Jej zdaniem, nie wszyscy preferują wypoczynek w hotelowych molochach, co nie oznacza, że to zły biznes. – W Polsce jest grupa ludzi, która lubi w ten sposób wypoczywać i zarazem mieć na miejscu dużo atrakcji. Dlatego Pobierowo, jeżeli zostanie oddane do użytku, na pewno będzie dobrym przedsięwzięciem – prognozuje.
Jacek Tokarski, ekspert rynku hotelowego oraz partner i właściciel firmy HIDA (Hotel Investment & Development Advisory), uważa z kolei, że siła marki hoteli Gołębiewski zawsze polegała na dużej skali. - Tego typu hotele najczęściej krytykują ci, którzy do nich nie jeżdżą - mówi.
Jego zdaniem, plusem takich obiektów jest również to, że ich właściciele mają więcej możliwości szukania oszczędności. To o tyle istotne, że wzrost kosztów energii uderzył głównie w małe hotele.
Dalszy ciąg pod materiałem wideo
- Obecnie powraca moda na duże hotele, mające bogatą, dodatkową ofertę. W tego typu obiektach, gdzie jest np. basen z aquaparkiem, często brakuje wolnych miejsc – twierdzi ekspert.
Marek Łuczyński, prezes Polskiej Izby Hotelarzy, dodaje, że historia w pewnym sensie znowu zatoczyła koło. Polacy mogą ponowie powrócić do wypoczywania w dużych obiektach, gdzie czują się bezpiecznie.
- Jeśli w hotelowej ofercie są zarówno zajęcia dla dzieci, jak i dorosłych, wówczas nie ma praktycznie potrzeby ruszania się miejsca. Każdy w takim obiekcie znajdzie coś dla siebie. W tym kontekście może się okazać, że Tadeusz Gołębiewski był trochę wizjonerem, bo takie obiekty, jak Pobierowo, mogą cieszyć się dużą popularnością – komentuje.
Tegoroczne obłożenie hoteli może być niższe niż rok temu
Alex Kloszewski, partner zarządzający spółki Hotel Professionals, również uważa, że sukces tzw. wielkoskalowych hoteli, czyli oferujących ponad 500 pokoi, zależy w dużej mierze od odpowiednio dobranej oferty usług dodatkowych.
- Aby wypełnić taki obiekt, niezbędne jest zapewnienie gościom różnorodnych całorocznych atrakcji oraz szerokiej oferty gastronomicznej. Ich oferta nie może więc ograniczać się do SPA i siłowni. Powinna być na tyle zdywersyfikowana, aby przyciągnąć do obiektu gości ze wszystkich segmentów — rodziny z dziećmi, pary, grupy znajomych, a z drugiej strony konferencje, imprezy integracyjne, wesela i inne wydarzenia, gwarantując stabilne wyniki również poza wysokim sezonem — komentuje.
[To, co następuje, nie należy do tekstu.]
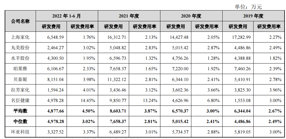不仅如此,在产品研发方面,环亚科技的研发费用也低于行业研发费用的平均值, 公司2019—2021半年度各期公司研发费用分别为 5819 万元、5735 万元、6489 万元和 3327万元,占营业收入比例分别为 3.00%、2.88%、3.01%和 3.37%。环亚科技最近三年一期研发费用累计为 2.1亿元左右。与上海家化三年一期5.39亿元的研发费用相比,具有较大差距。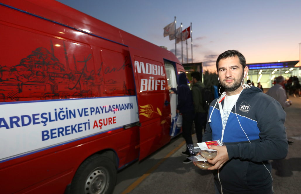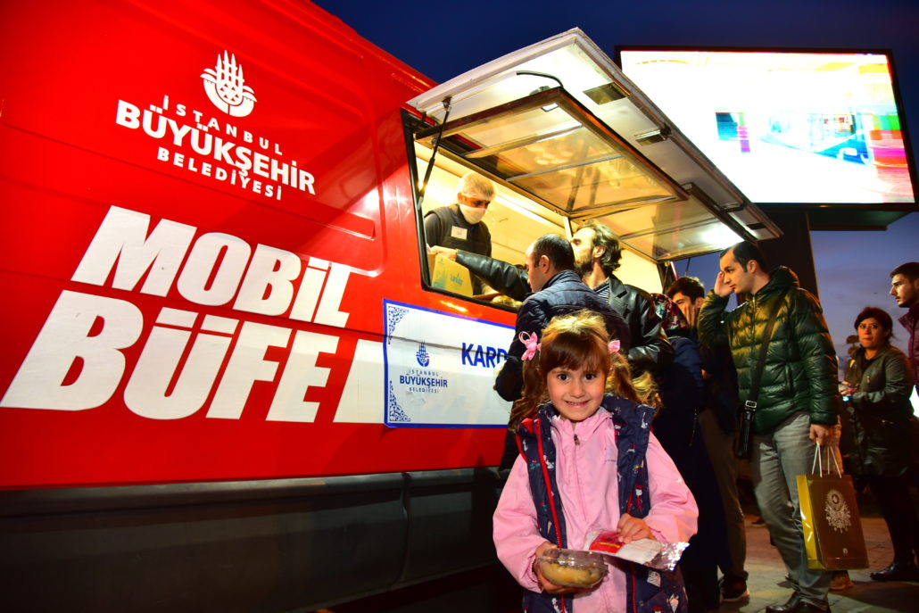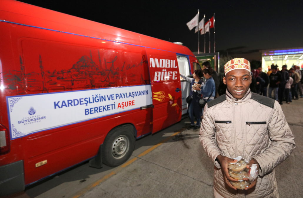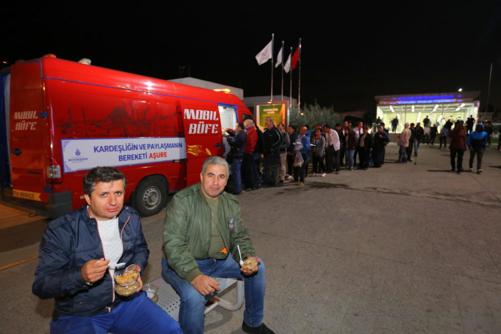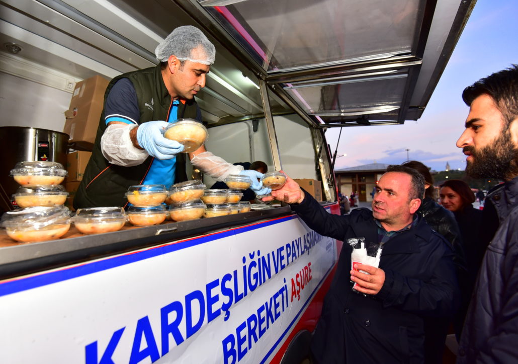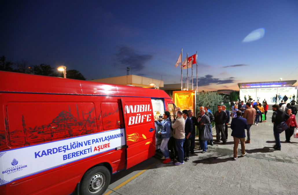 Olağanüstü durumlarda İstanbulluların gıda gereksinimlerine acil çözümler sunan Mobil Büfeler bu defa paylaşmanın simgesi Aşure dağıtımı için yollardaydı. İstanbul’un en hareketli noktalarından Yenikapı ve Üsküdar Marmaray çıkışları, Eminönü ve Beşiktaş İskeleleri ile Şişli Meydanı ve Mecidiyeköy Metrobüs Durağı’nda konumlandırılan Mobil Büfeler sayesinde kısa sürede binlerce aşure vatandaşlara ikram edildi. Ayrıca çeşitli ilçelerde kurulan 30 İBB İletişim Noktası’nda da vatandaşlar aşurelerle karşılandı.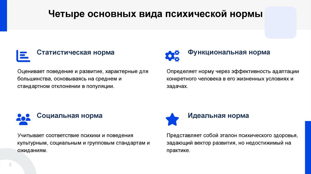 Четыре основных вида психической нормыСтатистическая норма
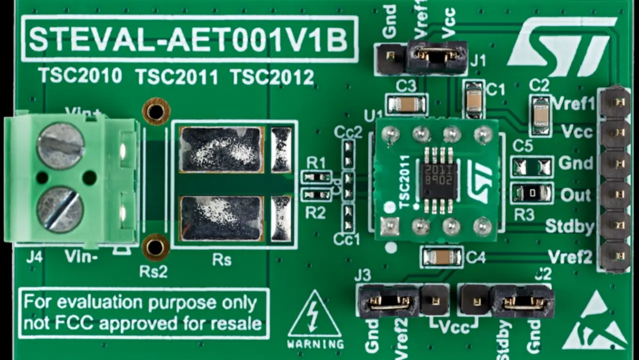 Entwicklern steht das Evaluierungsboard STEVAL-AETKT1V2 für einen schnellen Einstieg in die Verwendungsweise des TSC2011IST zur Verfügung (Bild 6). Er kann Strom über einen weiten Bereich von Gleichtaktspannungen von -20 bis +70 Volt messen. Der TSC2011IST verfügt über folgende Merkmale:

Dlatego jego zdaniem, wyzwania, jakie stoją przed takimi obiektami, nie kończą się tylko na ich ofercie. Ich sukces zależy więc w dużej mierze od jakości ich zarządzania.
- Większość hoteli tego typu, to obiekty należące do prywatnych właścicieli i ich rodzin, którzy zajmują się również ich zarządzaniem. Brak zrozumienia kompleksowości organizmu hotelowego może jednak przynieść właścicielom nawet 100-200 tys. straty korzyści każdego dnia. Biznes hotelowy jest niezwykle złożony. Hotel "żyje" 24 godziny na dobę, siedem dni w tygodniu i przez cały ten czas jego zespół musi być gotowy na różne sytuacje – dodaje Alex Kloszewski.
Adam Pasternak z firmy Lege Restrukturyzacje uważa natomiast, że tegoroczne wakacje mogą być trudne dla hotelowej branży.
– Sytuacja ekonomiczna w Polsce w ubiegłym roku była dużo lepsza. Dzięki temu branża hotelowa mogła złapać trochę oddechu, pomogło także wsparcie z tarcz antykryzysowych, które umożliwiły przetrwanie wielu hotelowych obiektom. Jednak obecnie mamy inną sytuację, ceny energii idą w górę, co powiększa koszty funkcjonowania każdego biznesu, zarówno jeśli chodzi o utrzymanie obiektów, jak i pracowników – mówi Adam Pasternak.
Dodaje, że ma to również wpływ na wzrost cen usług, co może odbić się także na hotelowym biznesie. - Już pojawiają się informacje, że tegoroczne obłożenia hoteli są dużo niższe niż w ubiegłym roku. Niektórzy prognozują także, że szczyt tegorocznego sezonu turystycznego będzie w tym roku przesunięty. Dlatego moim zdaniem jest jeszcze za wcześnie, aby wyciągać wnioski, i formułować prognozy na temat dalszej kondycji hotelowej branży – podsumowuje.